Mr. Raynsford: The original decision to grant outline planning permission was made by a planning inspector. I have therefore asked the planning inspectorate's chief executive to write to the right hon. and learned Member. A copy of his reply will be placed in the Library.
Mrs. Virginia Bottomley: To ask the Secretary of State for the Environment, Transport and the Regions what steps he is taking to reduce disturbance from aircraft noise in the Waverley area; what representations he has received from the Quieter Skies Campaign with regard to the situation at Gatwick; and if he will make a statement. 

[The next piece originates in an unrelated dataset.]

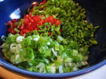 Enough of that wimpiness–This time I took the plunge and bought Anaheims (in the picture above, next to the cilantro), which I am familiar with because we grew them in the past, and Serranos. The Serranos (dark green, at the bottom of the photo) were the experimental ones; I’ve never used them, but they don’t carry the most fiery connotation to my mind.
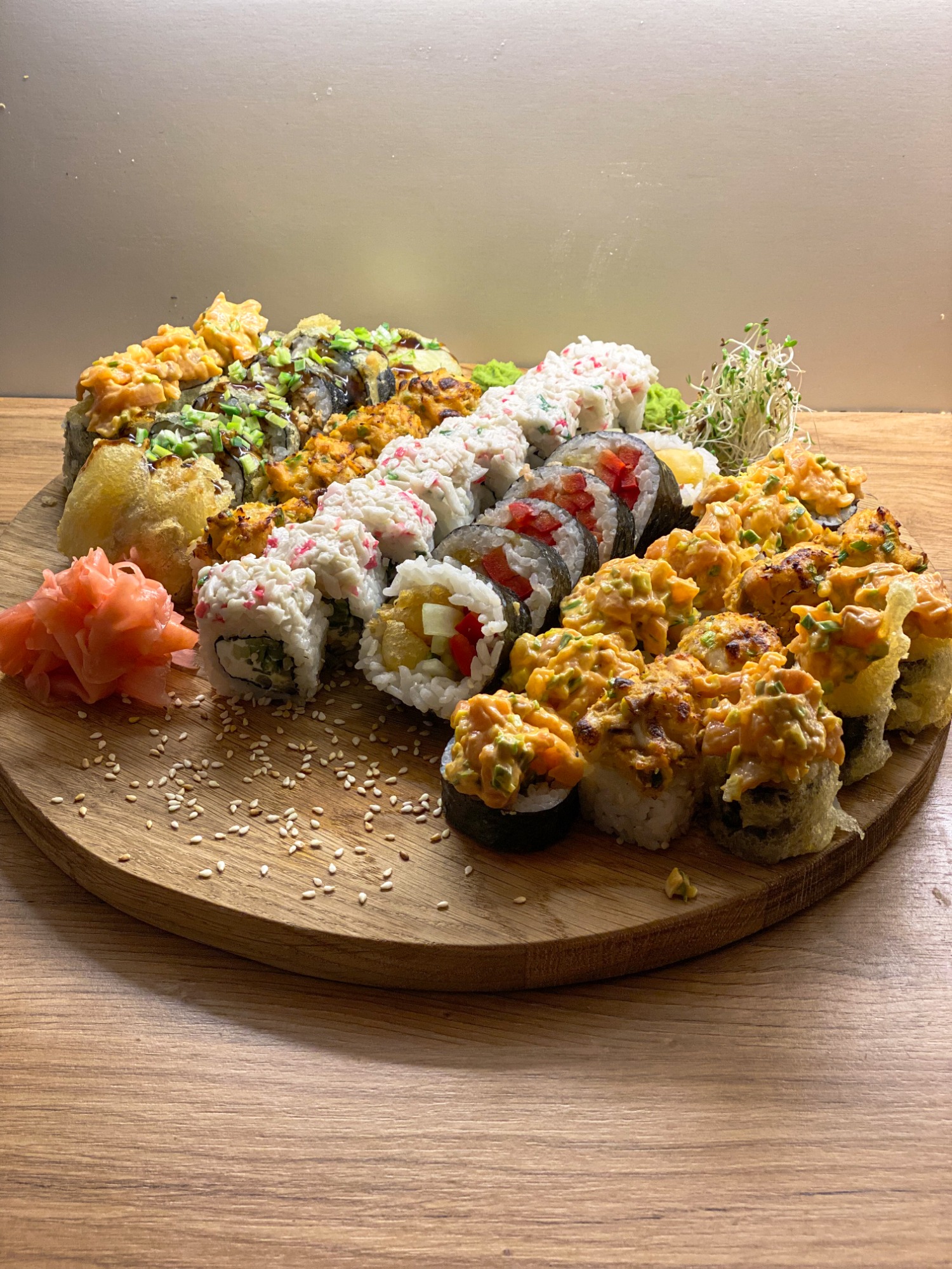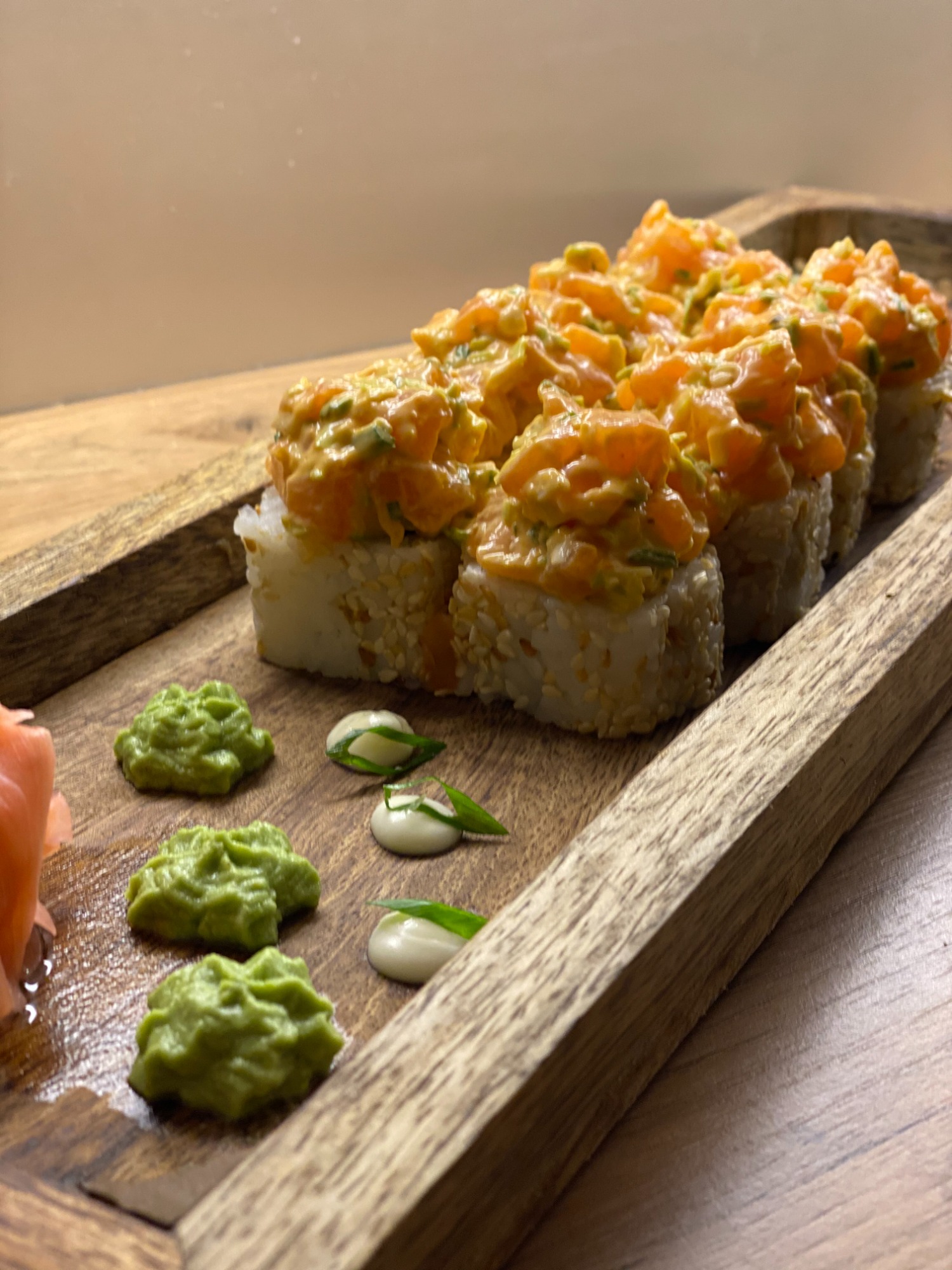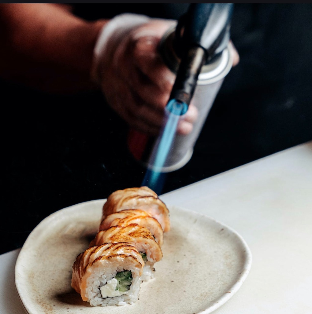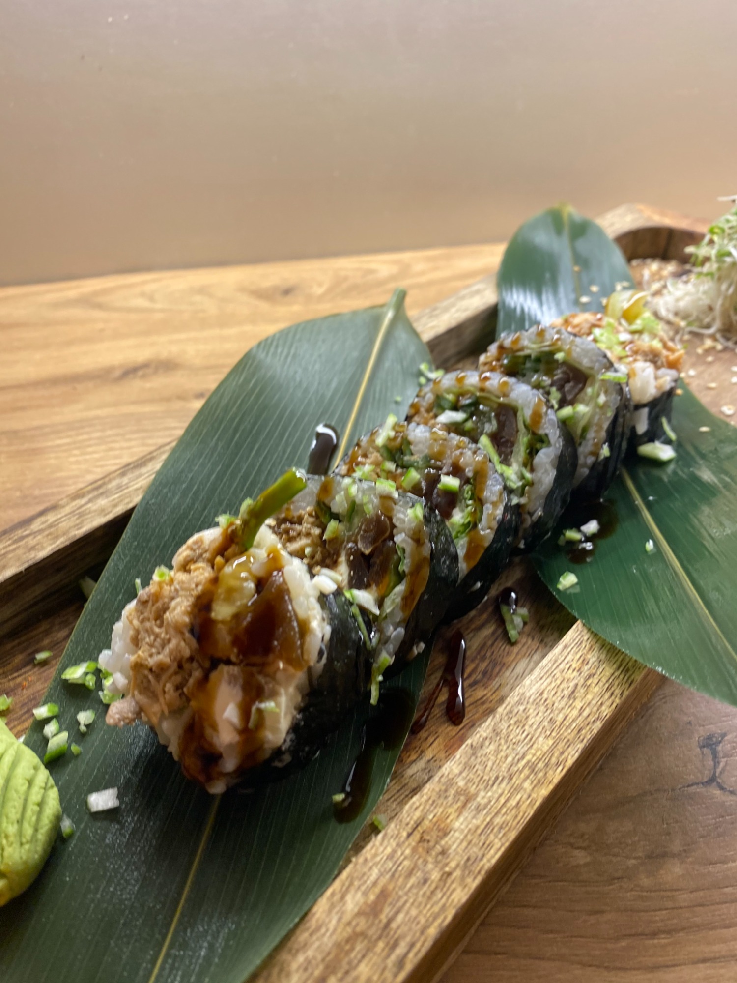 (Łosoś pieczony, masago, serek, sos majo, mozzarella, ogórek, kanpyo, por)

Mr. Robert Ainsworth: The Secretary of State regulates noise from operations at Gatwick under section 78 of the Civil Aviation Act 1982. These regulations include night restrictions, noise preferential routes, departures noise limits and operational procedures. They are reviewed as necessary, and we consult widely on any proposals for major change.
My officials have responded to a number of letters and calls from members and supporters of the Quieter Skies Campaign. My predecessor, the hon. Member for Sunderland, South (Mr. Mullin), responded to points the right hon. lady raised on behalf of QSC in the Adjournment debate on 11 January last year, and in correspondence. More recently, on 1 February, officials attended a noise and track seminar organised by Gatwick Airport, at which Mr. John Burgess of QSC gave a presentation on the campaign's concerns, and I understand that a constructive discussion ensued.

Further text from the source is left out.